15:00:56 <opendevmeet> Useful Commands: #action #agreed #help #info #idea #link #topic #startvote.
15:00:56 <opendevmeet> The meeting name has been set to 'keystone'
15:01:05 <d34dh0r53> #topic Roll Call
15:01:08 <d34dh0r53> admiyo, bbobrov, crisloma, d34dh0r53, dpar, dstanek, hrybacki, knikolla, lbragstad, lwanderley, kmalloc, rodrigods, samueldmq, ruan_he, wxy, sonuk, vishakha, Ajay, rafaelwe, xek
15:01:54 <knikolla[m]> o/
15:02:06 <hiromu> o/
15:03:07 <d34dh0r53> Hi folks!
15:03:23 <d34dh0r53> #topic Review past meeting work items
15:03:44 <d34dh0r53> We had a few, first up is
15:03:54 <d34dh0r53> dmendiza[m] will look at https://bugs.launchpad.net/keystone/+bug/1990987
15:04:03 <d34dh0r53> dmendiza[m]: any update?
15:04:08 <dmendiza[m]> 👀
15:04:11 <dmendiza[m]> Still looking
15:04:49 <d34dh0r53> ack
15:04:53 <d34dh0r53> next up is
15:04:59 <d34dh0r53> d34dh0r53 look into user-defined attribute access control
15:05:06 <d34dh0r53> no updates
15:05:26 <d34dh0r53> we have some reviewathon items that we were going to look at
15:05:43 <d34dh0r53> reviewathon review https://review.opendev.org/c/openstack/keystoneauth/+/838104
15:05:45 <d34dh0r53> reviewathon review https://review.opendev.org/c/openstack/keystone/+/838108
15:05:47 <d34dh0r53> reviewathon review https://review.opendev.org/c/openstack/keystone/+/822601
15:05:49 <d34dh0r53> reviewathon review https://review.opendev.org/c/openstack/keystone-specs/+/818616
15:06:15 <d34dh0r53> We didn't get to the first one
15:06:27 <d34dh0r53> nor the second
15:07:06 <d34dh0r53> the third has -1's and commentary so that is in progress
15:07:25 <d34dh0r53> the fourth is the default service role
15:07:54 <d34dh0r53> next up is dmendiza[m] and d34dh0r53 make some time to start the gap analysis between CLI and OSC.

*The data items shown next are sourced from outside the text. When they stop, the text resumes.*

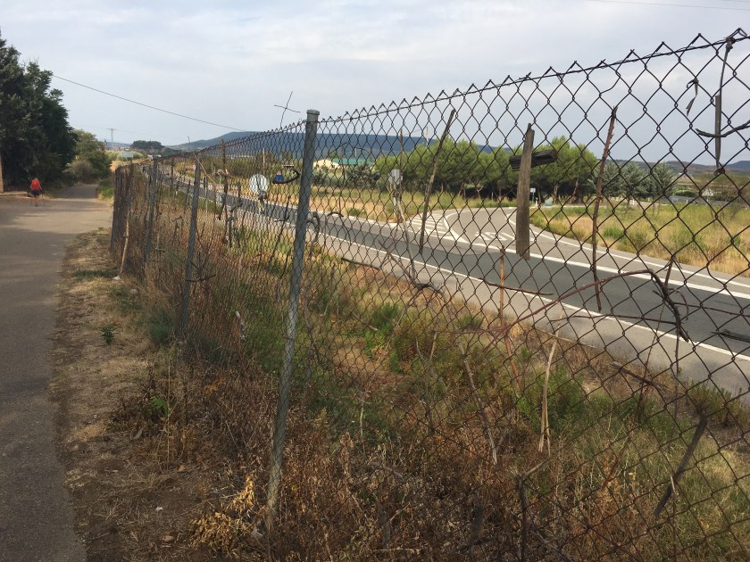 Previous Image Next Image IMG_9055 This section of chain-link fence along the highway presented pilgrim artists a chance to make crosses with pieces of wood, etc.
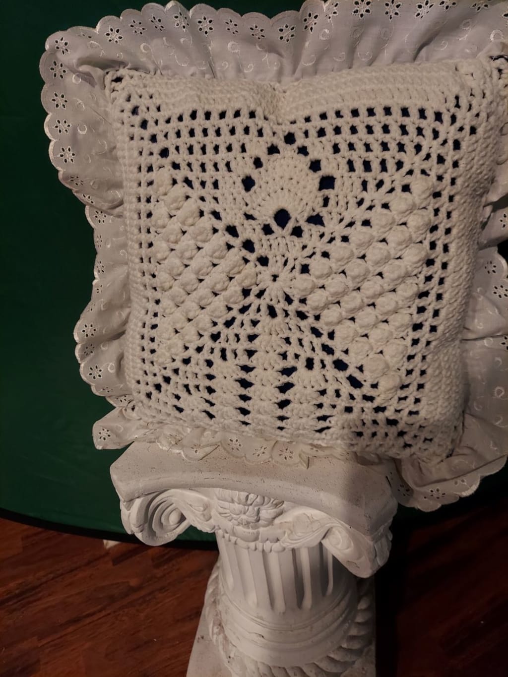 After a few weeks being back home I took this project out and looked at it with a very critical eye. Shazam! It hit me. On the corner turning there were 3 stitches misaligned. Once I saw how simple the fix was my fingers started flying around the square and the first of many angels was born. Since that first angel there has been bedspreads, lap robes, baby blankets and pillows made with this pattern. Some were plain, some embellished with beads in the wings or halo and some were stitched with metallic threads running through the stitch work. An example was a cream colored 9 block afghan with silver threads worked up for a 25th wedding anniversary as well as a white afghan with gold threads for a 50th wedding anniversary gift.
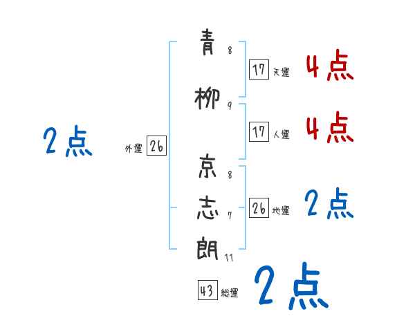 外運![]() | 青栁京志朗さんの外運は26画の2つ星!波瀾万丈かも。信頼できる人を大事にしましょう。 生活面を象徴する運勢です。外部から受ける影響力を表し、結婚運、家庭運や職場、環境への順応性を表します。 |

15:08:02 <d34dh0r53> we didn't get to that
15:08:22 <d34dh0r53> and finally we have d34dh0r53 try to reproduce https://bugs.launchpad.net/python-keystoneclient/+bug/1993614
15:08:28 <d34dh0r53> which I wasn't able to get to
15:08:33 <knikolla[m]> the gap analysis is about sdk and the client
15:08:44 <knikolla[m]> we don't have any other cli besides osc already :)
15:09:36 <d34dh0r53> knikolla[m]: right
15:11:12 <d34dh0r53> #action dmendiza[m] and d34dh0r53 make some time to start the gap analysis between SDK and the Client
15:11:28 <d34dh0r53> #action dmendiza[m] will look at https://bugs.launchpad.net/keystone/+bug/1990987
15:11:41 <d34dh0r53> #action reviewathon review https://review.opendev.org/c/openstack/keystoneauth/+/838104
15:11:50 <d34dh0r53> #action reviewathon review https://review.opendev.org/c/openstack/keystone/+/838108
15:12:14 <d34dh0r53> #action d34dh0r53 look into user-defined attribute access control
15:12:35 <d34dh0r53> ok, next up we have
15:12:37 <d34dh0r53> #topic Liaison Updates
15:12:46 <d34dh0r53> Nothing from VMT
15:12:58 <d34dh0r53> dmendiza[m], knikolla[m] anything from Release Management?
15:13:47 <dmendiza[m]> I can't think of anything
15:13:58 <d34dh0r53> ok, thanks
15:14:08 <d34dh0r53> #help still looking for additional cross-project liaisons
15:14:38 <d34dh0r53> any other liaison updates?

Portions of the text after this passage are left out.